-- Task directions --
Write each line exactly, from the line that holds "Річка Одра.*" through the final line of the material, and no other line.

[[ Material provided open ]]

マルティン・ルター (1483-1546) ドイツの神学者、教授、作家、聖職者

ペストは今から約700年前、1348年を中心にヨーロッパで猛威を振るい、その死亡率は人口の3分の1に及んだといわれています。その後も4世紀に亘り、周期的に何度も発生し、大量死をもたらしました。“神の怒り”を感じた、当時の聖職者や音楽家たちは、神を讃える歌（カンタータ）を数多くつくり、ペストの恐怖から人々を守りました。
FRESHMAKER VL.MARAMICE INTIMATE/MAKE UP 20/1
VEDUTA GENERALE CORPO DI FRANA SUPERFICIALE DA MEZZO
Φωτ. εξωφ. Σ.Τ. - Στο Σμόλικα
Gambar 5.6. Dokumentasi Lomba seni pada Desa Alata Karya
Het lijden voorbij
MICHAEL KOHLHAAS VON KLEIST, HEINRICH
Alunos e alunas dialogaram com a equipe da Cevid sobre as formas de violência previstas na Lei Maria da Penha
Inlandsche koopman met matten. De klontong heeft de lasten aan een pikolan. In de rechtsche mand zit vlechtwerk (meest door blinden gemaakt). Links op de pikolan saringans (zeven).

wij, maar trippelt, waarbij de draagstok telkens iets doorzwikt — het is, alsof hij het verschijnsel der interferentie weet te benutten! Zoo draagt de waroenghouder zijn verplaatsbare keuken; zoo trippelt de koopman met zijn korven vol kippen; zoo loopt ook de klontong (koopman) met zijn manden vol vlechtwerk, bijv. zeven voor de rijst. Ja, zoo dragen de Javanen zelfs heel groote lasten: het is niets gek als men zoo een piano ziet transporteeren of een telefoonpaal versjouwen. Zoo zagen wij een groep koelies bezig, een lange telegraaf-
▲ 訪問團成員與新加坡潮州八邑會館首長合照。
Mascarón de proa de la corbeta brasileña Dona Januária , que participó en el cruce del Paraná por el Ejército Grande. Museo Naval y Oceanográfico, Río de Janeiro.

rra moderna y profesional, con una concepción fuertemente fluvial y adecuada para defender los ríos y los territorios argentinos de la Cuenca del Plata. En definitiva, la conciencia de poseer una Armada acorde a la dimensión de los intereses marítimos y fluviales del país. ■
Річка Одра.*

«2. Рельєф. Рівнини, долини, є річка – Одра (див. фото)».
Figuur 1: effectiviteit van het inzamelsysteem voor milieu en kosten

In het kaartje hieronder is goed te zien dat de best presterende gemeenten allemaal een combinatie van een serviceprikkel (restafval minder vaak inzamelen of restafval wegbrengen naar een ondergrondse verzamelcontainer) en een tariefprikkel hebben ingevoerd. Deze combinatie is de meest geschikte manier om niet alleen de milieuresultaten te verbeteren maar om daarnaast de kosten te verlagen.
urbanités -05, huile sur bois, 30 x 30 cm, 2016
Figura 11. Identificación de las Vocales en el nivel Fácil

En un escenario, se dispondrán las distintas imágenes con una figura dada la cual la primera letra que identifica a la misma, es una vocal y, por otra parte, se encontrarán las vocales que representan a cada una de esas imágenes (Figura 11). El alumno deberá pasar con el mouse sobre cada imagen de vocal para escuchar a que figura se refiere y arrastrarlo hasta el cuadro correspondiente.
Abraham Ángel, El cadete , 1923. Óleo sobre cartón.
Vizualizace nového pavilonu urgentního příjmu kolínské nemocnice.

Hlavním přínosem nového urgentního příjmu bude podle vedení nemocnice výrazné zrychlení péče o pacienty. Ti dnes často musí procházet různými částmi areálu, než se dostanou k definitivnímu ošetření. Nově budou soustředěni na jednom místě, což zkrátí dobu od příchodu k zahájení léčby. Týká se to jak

[[ Material provided closed ]]

-- Task output --
Річка Одра.*

«2. Рельєф. Рівнини, долини, є річка – Одра (див. фото)».
Figuur 1: effectiviteit van het inzamelsysteem voor milieu en kosten

In het kaartje hieronder is goed te zien dat de best presterende gemeenten allemaal een combinatie van een serviceprikkel (restafval minder vaak inzamelen of restafval wegbrengen naar een ondergrondse verzamelcontainer) en een tariefprikkel hebben ingevoerd. Deze combinatie is de meest geschikte manier om niet alleen de milieuresultaten te verbeteren maar om daarnaast de kosten te verlagen.
urbanités -05, huile sur bois, 30 x 30 cm, 2016
Figura 11. Identificación de las Vocales en el nivel Fácil

En un escenario, se dispondrán las distintas imágenes con una figura dada la cual la primera letra que identifica a la misma, es una vocal y, por otra parte, se encontrarán las vocales que representan a cada una de esas imágenes (Figura 11). El alumno deberá pasar con el mouse sobre cada imagen de vocal para escuchar a que figura se refiere y arrastrarlo hasta el cuadro correspondiente.
Abraham Ángel, El cadete , 1923. Óleo sobre cartón.
Vizualizace nového pavilonu urgentního příjmu kolínské nemocnice.

Hlavním přínosem nového urgentního příjmu bude podle vedení nemocnice výrazné zrychlení péče o pacienty. Ti dnes často musí procházet různými částmi areálu, než se dostanou k definitivnímu ošetření. Nově budou soustředěni na jednom místě, což zkrátí dobu od příchodu k zahájení léčby. Týká se to jak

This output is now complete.